Just a brief comment on Indemnification language; the staff has been advised that there has been appearances of indemnification language appearing in audit engagement letters for SEC registrants. When an accountant seek immunity from liability such conditions induce departures from objectivity and impartiality, consequently, the accountant cannot be recognized as independent.
Rule 2-01(c)(3) on business relationships says that an accountant is not independent if at any point during the audit and the professional engagement period the accounting firm or any person in the firm has any direct or material indirect business relationship with, among others, directors or substantial stockholders of the company. Boards of Directors have oversight responsibility for the company, its management and its auditors. The rules of the national stock exchanges require the Board of Directors of each listed company to consist of a majority of independent directors, and each member of the audit committee to be independent with respect to the company and its management. These rules also address the audit committee's responsibility to select and oversee an issuer's independent accountant. The independence rules on business relationships specifically prohibit Directors from having direct or material indirect business relationships with auditors.

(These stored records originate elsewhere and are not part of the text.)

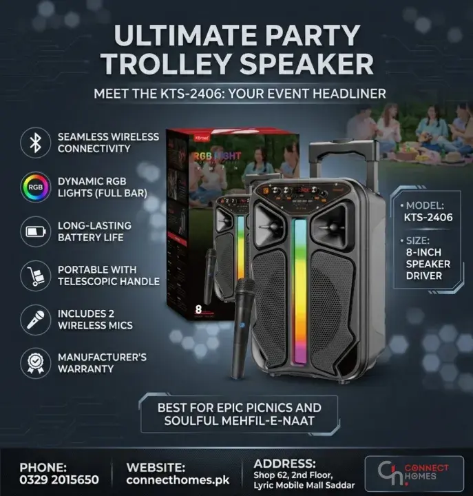 Enjoy rich, powerful sound and versatile connectivity with the KTS‑2406 8″ Wireless Speaker with Mic. Designed for convenient portability and strong performance, this speaker supports Bluetooth music streaming, wired microphone input, and multiple playback options. Whether you’re hosting a karaoke night, partying with friends, or enhancing your home audio experience, this speaker delivers immersive audio with deep bass and clear vocals.
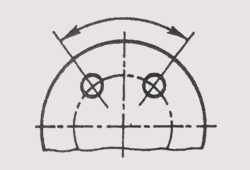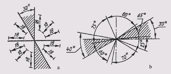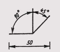Угловые размеры на чертежах проставляются в градусах, минутах и секундах с указанием единиц измерения. Размер угла наносят над размерной линией, которая проводится в виде дуги с центром в его вершине. Выносные линии в этом случае проводятся радиально (рис. 13).
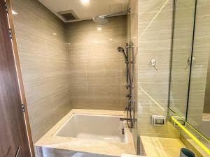 Das moderne Apartment mit einem Schlafzimmer in Bangkok verfügt über einen Dachpool und eine Sauna. Es liegt weniger als 1 km vom Emporium Einkaufszentrum entfernt und bietet einen Raum mit Stadtblick vom Balkon.
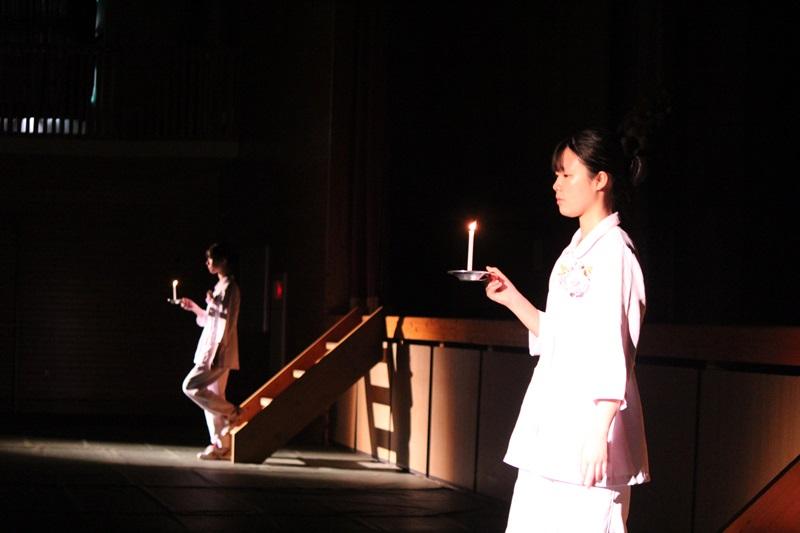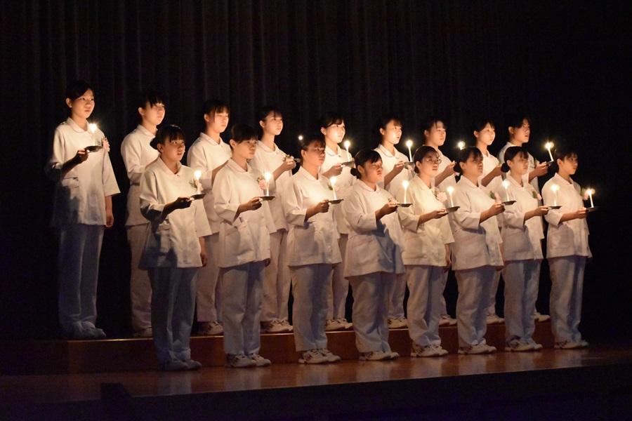 ステージ上ではろうそくの灯火の中、ナイチンゲール誓詞を立派に奏上し、看護の道を歩むことの決意がその表情に表れていました。
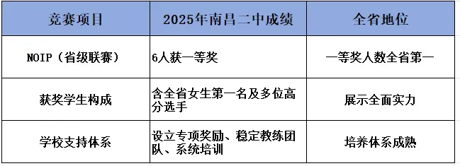 南昌二中构建了完善的竞赛培训体系,拥有稳定的教练团队,在拔尖创新人才培养方面积极探索,2025年,学校专门设立“学科竞赛优秀学生”奖励,对在五大学科奥林匹克竞赛中获得优异成绩的学生给予表彰和鼓励。
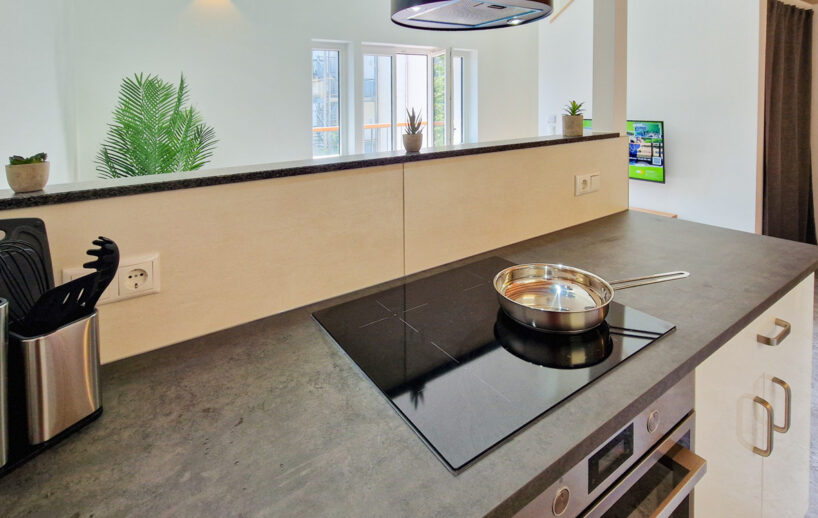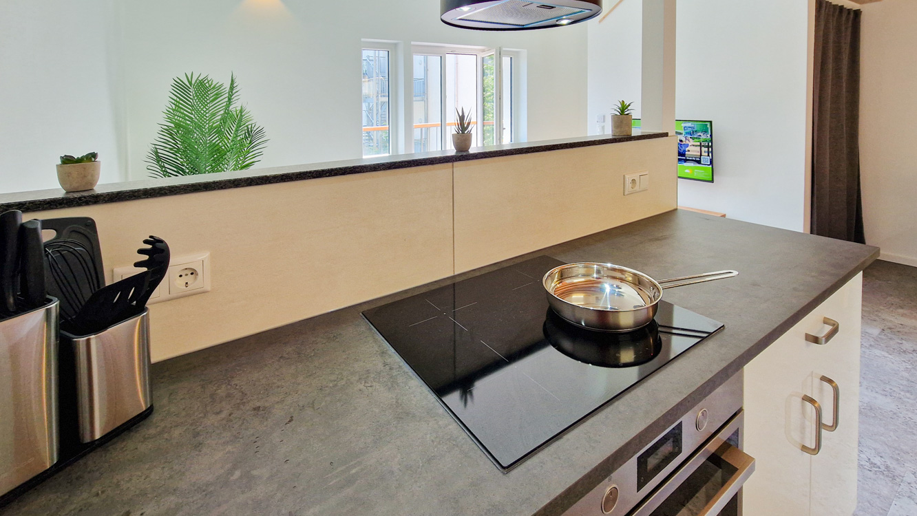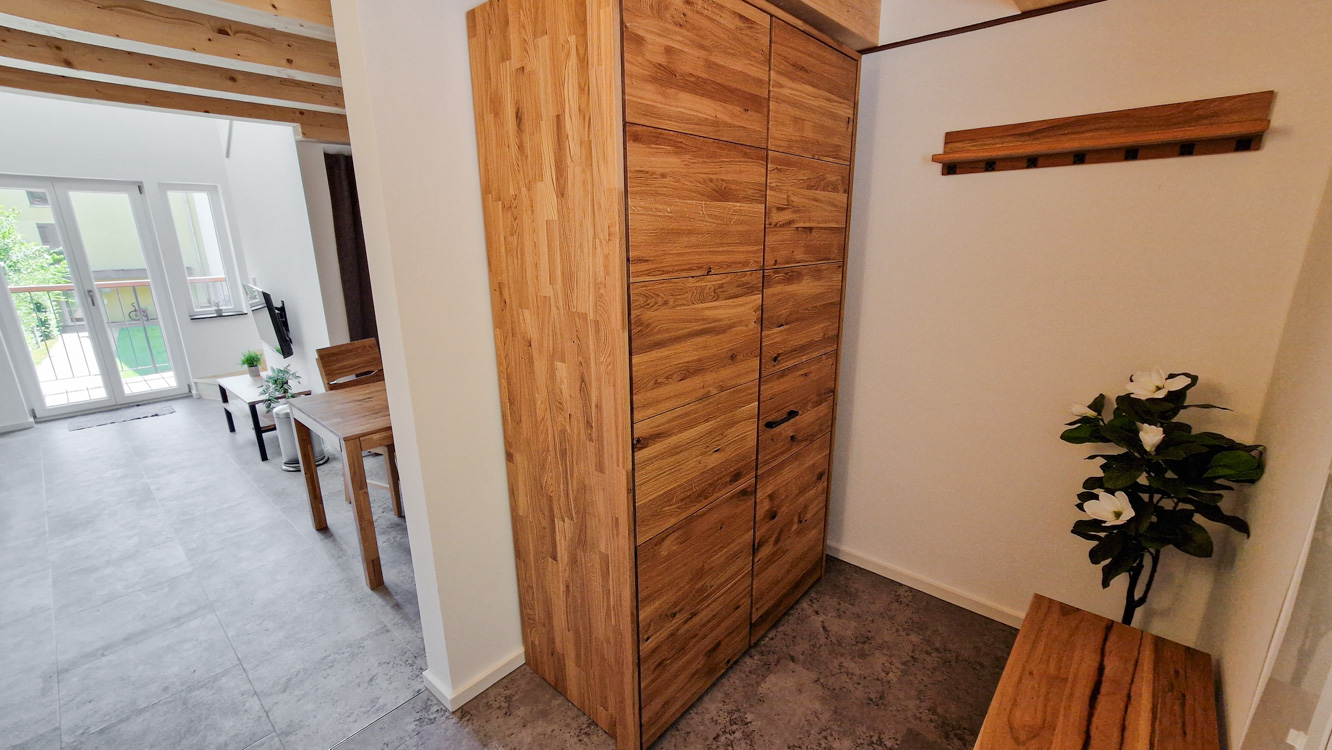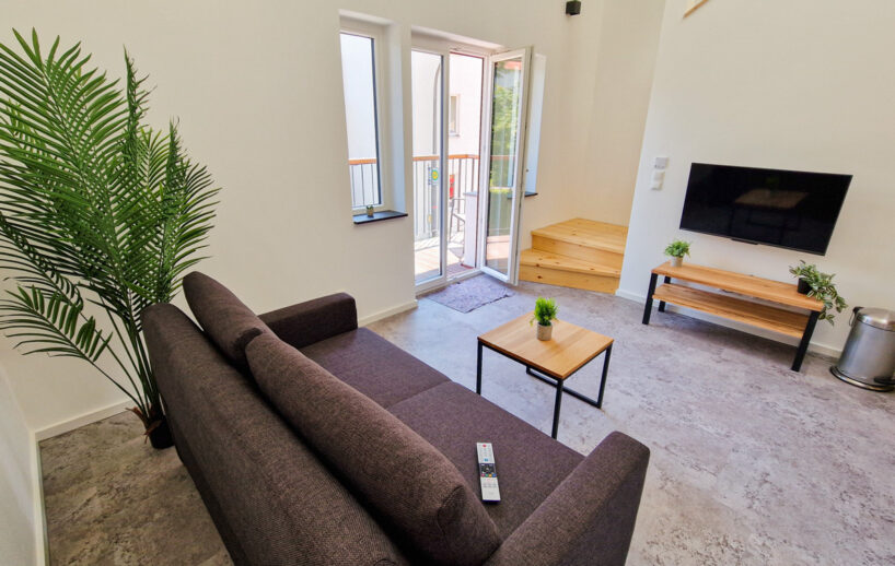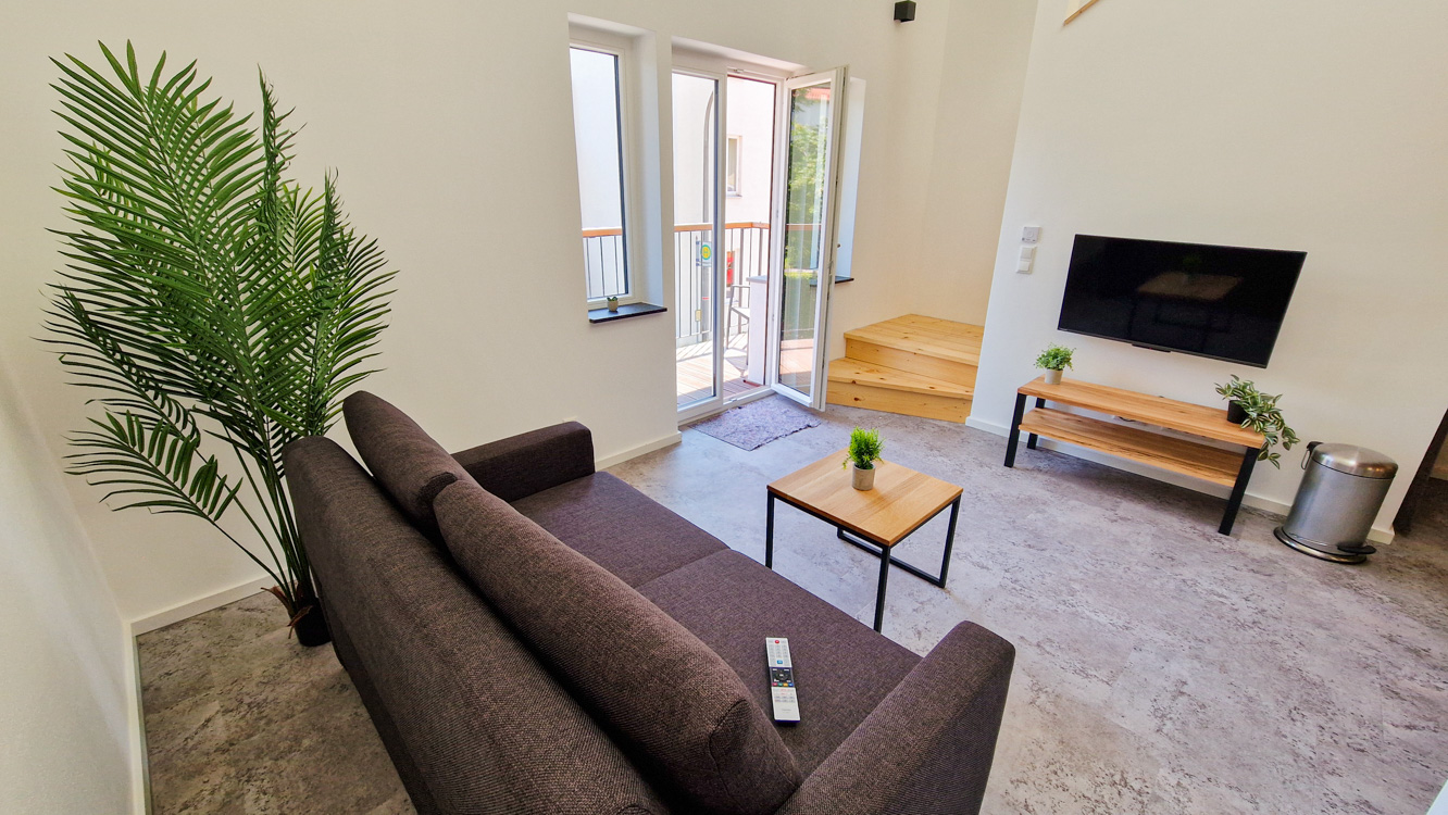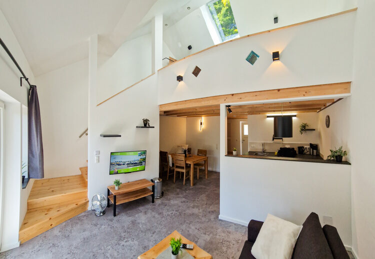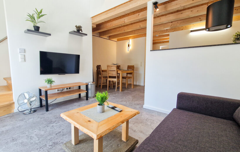 Das neu renovierte Business-Apartment in Trostberg bietet modernen Komfort gleichermaßen für kurze Geschäftsreisen wie auch für längere berufliche Aufenthalte. Ein großzügiger Wohn- und Essbereich schafft Platz zum Arbeiten und Entspannen, die voll ausgestattete Küche mit Backofen und Gefrierfach ermöglicht flexible Mahlzeiten ganz nach Ihren Wünschen. Das Schlafzimmer mit Doppelbett für zwei Personen, die geräumige Dusche sowie elektronisch steuerbare Dachfenster sorgen für Komfort, ergänzt durch Klimaanlage und Fußbodenheizung. Auf der ausziehbaren Couch können zusätzlich bis zu zwei Personen (z. B. Kinder) schlafen. Ideal für mobiles Arbeiten und Wohnen auf Zeit im Chiemgau.

It is only reasonable to question, following my remarks whether the Commission is considering another revision of the auditor independence rules. I'm not aware of any new auditor independence initiatives at the Commission. I presume, though, that you are aware of the PCAOB's Roundtable on Auditor Independence and Tax Services that was held last July and the related PCAOB discussions during its latest Standards Advisory Group meetings. Also, I refer you to an article in the November 22, 2004, Financial Times, "Regulators close to plan on audit and tax links," which refers to PCAOB activity. To quote the article, "no formal discussion about the tax rules have been made by the PCAOB but an initial draft has been completed and the regulators may next month finalize a document for public consideration."
In a recent speech by Chairman, Donaldson, he noted:
"The SEC and others like us can set the rules and define independence - but legal definitions can only go so far. And our free market, democratic system will gradually erode, and inevitably suffer grievous harm, if remedial efforts are not undertaken and endorsed by a broad cross-section of our business and financial communities."
When companies and auditors achieve and maintain a reputation for auditor independence and engender trust in our financial reporting process is not, in the final analysis, up to the Commission or the PCAOB. It is up to the individuals running businesses and the CPAs doing their daily work of auditing financial statements. Management must recognize that having a critical and objective review of their financial statements and internal controls is not just a statutory requirement - it is good business. Auditors must recognize that the very existence of their profession will depend not only on the quality of their work but also on whether investors believe they have exercised free and independent judgment when they performed their audits. We will provide guidance, but you must turn that guidance into a way of life.